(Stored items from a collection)
....
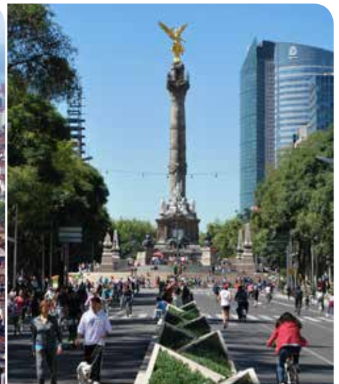
Monumento El Ángel, Ciudad de México.
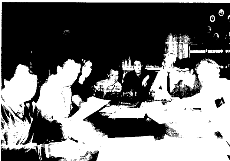
Läsning av gamla sockenstämmoprotokoll i Spånga församlingshus den 7 september 1981

från Spånga pågår varje måndag. 1600-talet är genomläst och renskrivet. Där ingår många sidor kyrkoräkenskaper. Vi har nu kommit in i 1700-talet och protokoll tenderar att bli mera intressanta. Antalet deltagare varierar från gång till gång och fler är välkomna att träna läsning av gamla handstilar. Kontaktpersoner: Lars Nahlbom, 760 37 27, Sixten Källberg, 36 41 09.
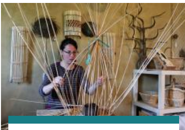
Atelier Brins de Malice
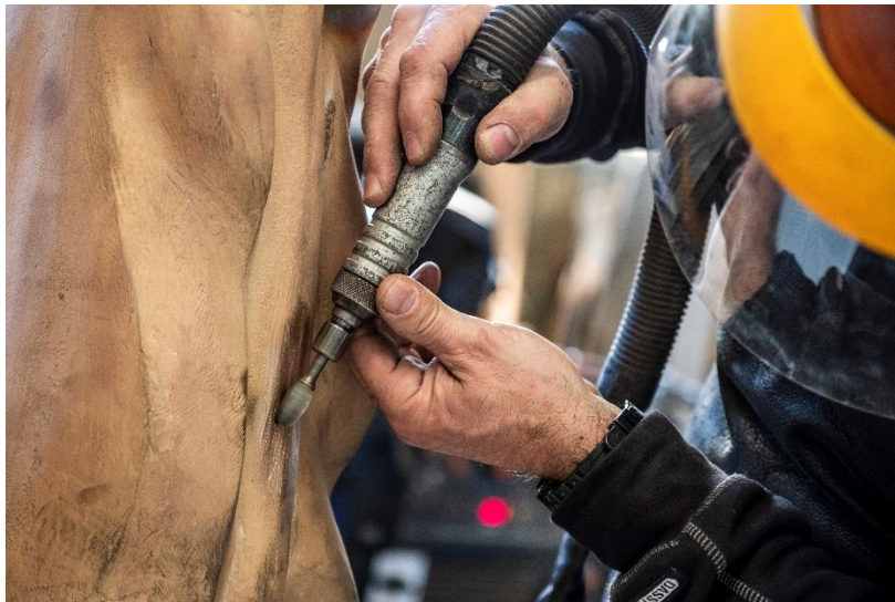
Détails de La Verticale à la Fonderie de Coubertin : ciselure
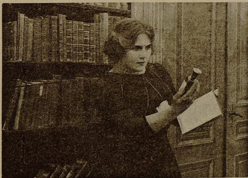
Una escena de «El torbellino de la vida»

Aterrado Robert, deja caer la botella, que se
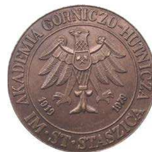
Medal Rady Zakładowej ZNP w AGH z 1979 roku
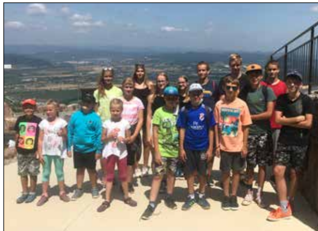
Na Butkove s deťmi
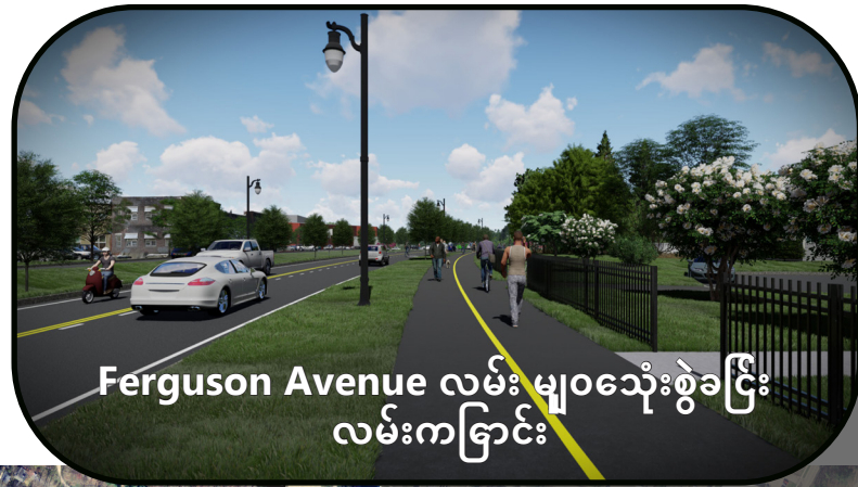
Ferguson Avenue လမ်းမျှဝေသုံးစွဲခင်း လမ်းကခြင်း
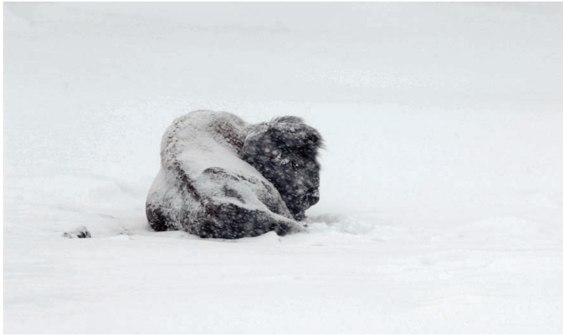
Bisonte americano, parque nacional Yellowstone, Estados Unidos. // An American bison in Yellowstone National Park.

La palabra inglesa wilderness no tiene traducción al castellano y los intentos por desentrañar su significado carecen de fuerza, lo que es interesante si consideramos el profundo vínculo que existe entre cada ser humano y la primitiva esencia de tal término. ¿Cómo acuñar en habla hispana una expresión para referirnos al entorno que fue la cuna de nuestra especie? ¿Cómo dibujar con letras la naturaleza primigenia que nos cobijó por milenios? Este dilema es una señal clara de nuestro abandono a ese mundo. Por lo tanto, ¿a qué se refieren los naturalistas extranjeros al usar la palabra wilderness ? Es un concepto muy personal y subjetivo de aquellos que han tenido el privilegio de vivir un tiempo en un territorio natural, prístino, salvaje o silvestre.
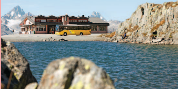
▲ Strada sul Passo della Novena

La ViaPostaAlpina parte da Meiringen e ritorna al punto di partenza in sei tappe attraversando i passi del Grimsel, della Novena, del San Gottardo e del Susten. Questo percorso può essere fatto interamente a piedi o con l'autopostale. Oltre alle combinazioni di viaggio in torpedone e a piedi, sono possibili tante altre soluzioni.
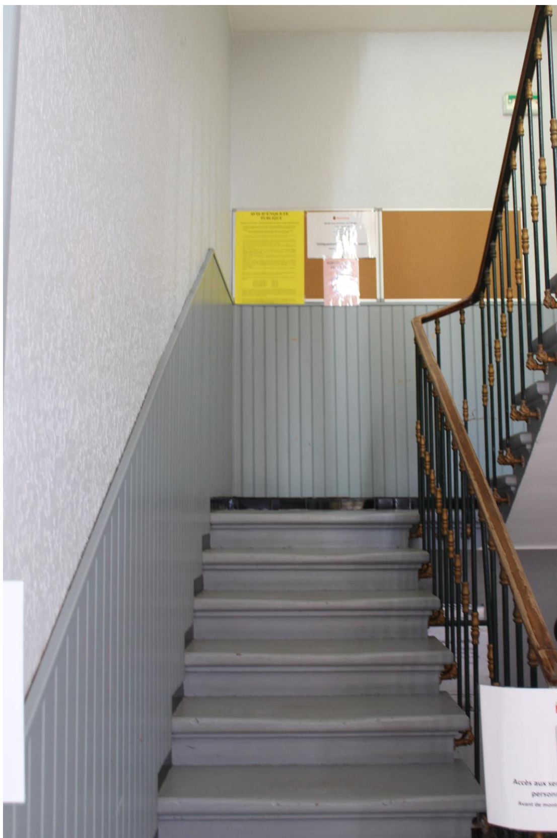
Affichage à l'intérieur de la mairie
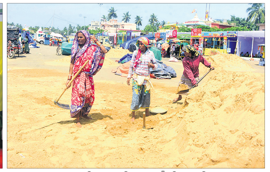
ଶରଧାବାଲିରେ ରଥର ଦକ୍ଷିଣ ମୋଡ଼ ପାଇଁ ବାଲି ପକାଯାଉଛି ।
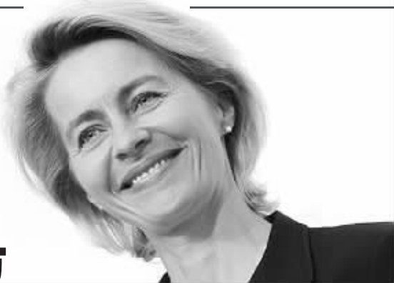
德国52岁的女劳工部长乌尔苏拉·冯·德莱恩

温家宝:我多次表示,我们不袒护任何一方,我们会秉持公正的立场,但是我们对问题看得更为深远,也就是说任何处理方式都要从根本上有利于半岛和平稳定。
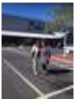
San Francisco ja Redding Kalifornia USA
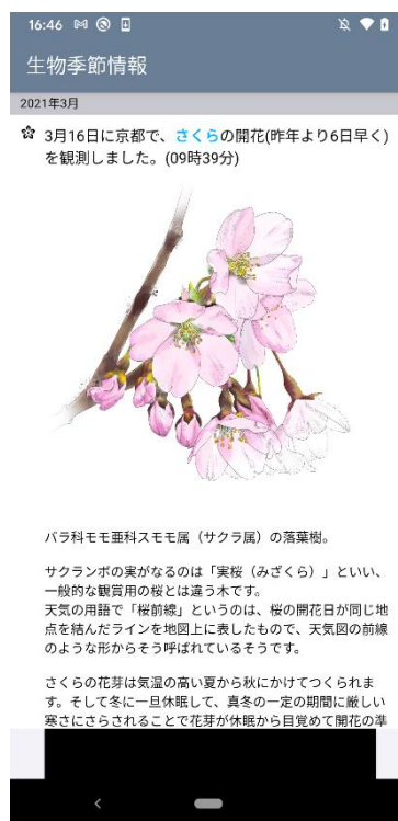
生物季節情報イメージ

・生物季節情報:うめ、さくら、あじさい、いちょう、かえで、すずきの6種類の情報について、イラスト付きでご確認いただけます。
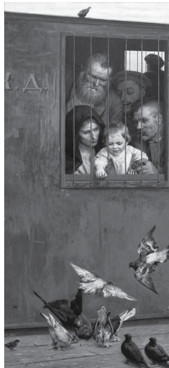
Николай Ярошенко. Всяду жизнь
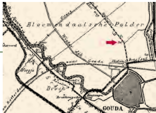
Kaart van J. Kuyper uit 1867 (Hugo Suringar, Leeuwarden)

De kosten van zowel het onderhoud als de investeringen aan dijken en wegen in de polder moesten door de eigenaren van het land, zogeheten ingelanden ( gelant is in het middeleeuws ‘eigenaar van het land’) worden opgebracht. Deels woonden die eigenaren zelf buiten de polder en hadden zij de grond verpacht. De ingelanden van de polder Bloemendaal draaiden dus op voor de kosten van het onderhoud van zowel de dijk langs de Gouwe van de polder Bloemendaal als van het pad op de Winterdijk. Het steeds intensievere gebruik van de Bloemendaalsche Rijweg door met name rijtuigen bracht extra kosten voor onderhoud met zich mee en dwong het polderbestuur uiteindelijk zelfs tot grote investeringen voor verbeteringen aan de weg.
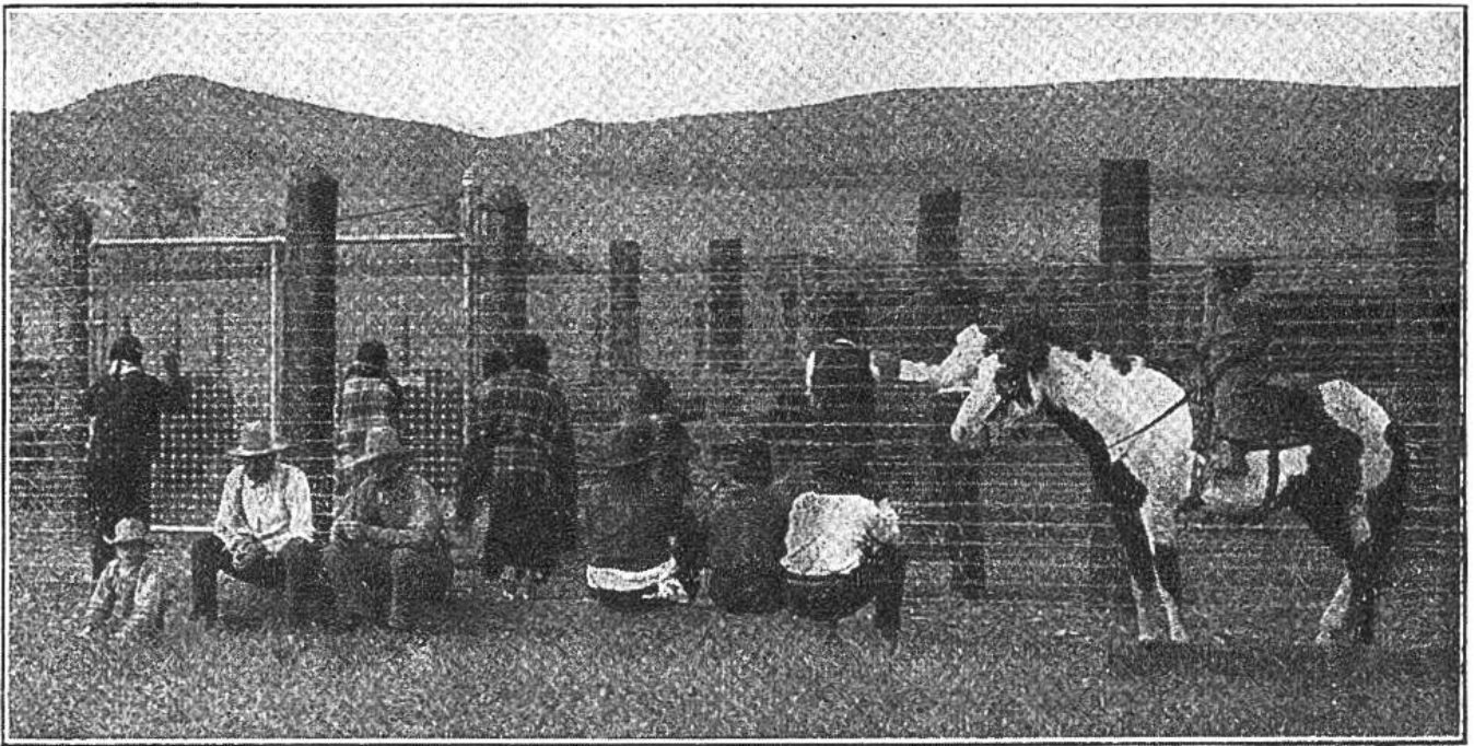
Vor der Umzäunung des Büffelparkes.

nur noch 2047 rassenreine Büffel auf der Erde leben, wovon 325 wild und 1722 in Gefangenschaft. Von den wilden leben 25 in den Vereinigten Staaten, 300 in Kanada, von den gefangenen 1116 in den Vereinigten Staaten, 476 in Kanada und 130 in Europa.
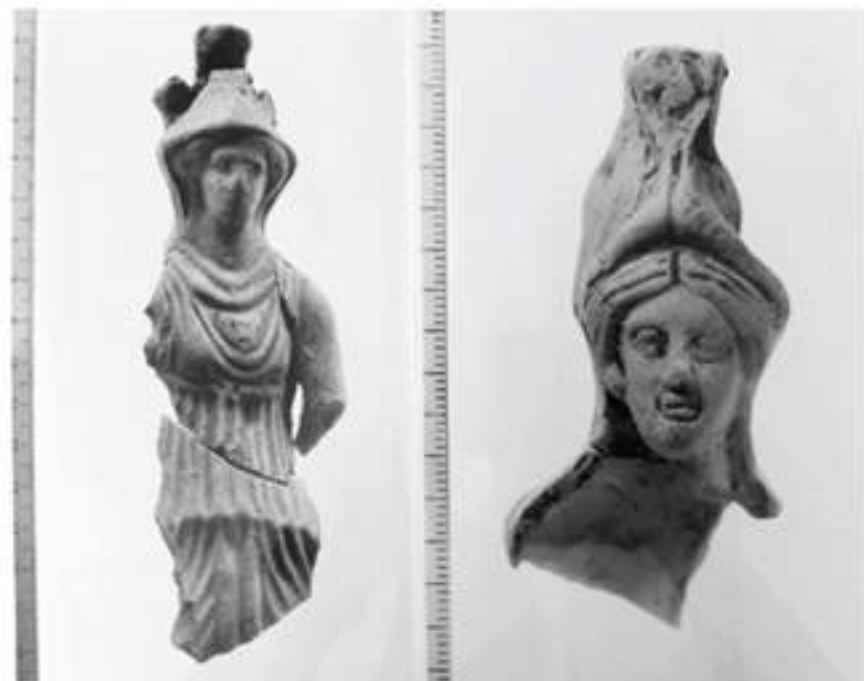
Terracotas de la diosa Minerva

El trabajo ha servido para que, a través de publicaciones científicas y de divulgación a todos los públicos, hoy en día se conozca el importante e interesante patrimonio histórico con el que cuenta la localidad, y por tanto se valore por parte de la población, sintiéndolo como algo suyo, sirviendo para que a la larga se proteja y se conserve para las generaciones venideras.
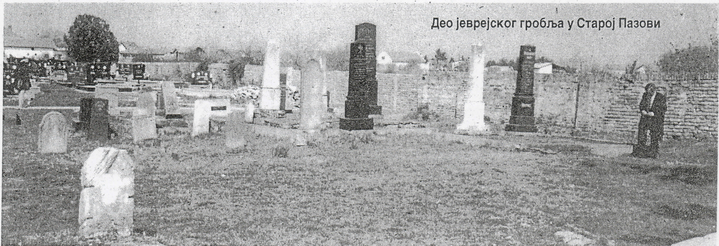
Део јеврејског гробља у Старој Пазови

Земунска јеврејска општина води евиденцију о старопазовачком јеврејском гробљу, а ваљда и о историји Јевреја у Старој Пазови. Иначе, Савез јеврејских општина има око 3.300 чланова, док 90 посто јеврејских гробаља налази се у Војводини. J. V.
....
• _WORK ORDER_
Using the entries, count the lines that hold the string "Пазови"; nothing but the number is needed.

• _WRITTEN RESPONSE_
2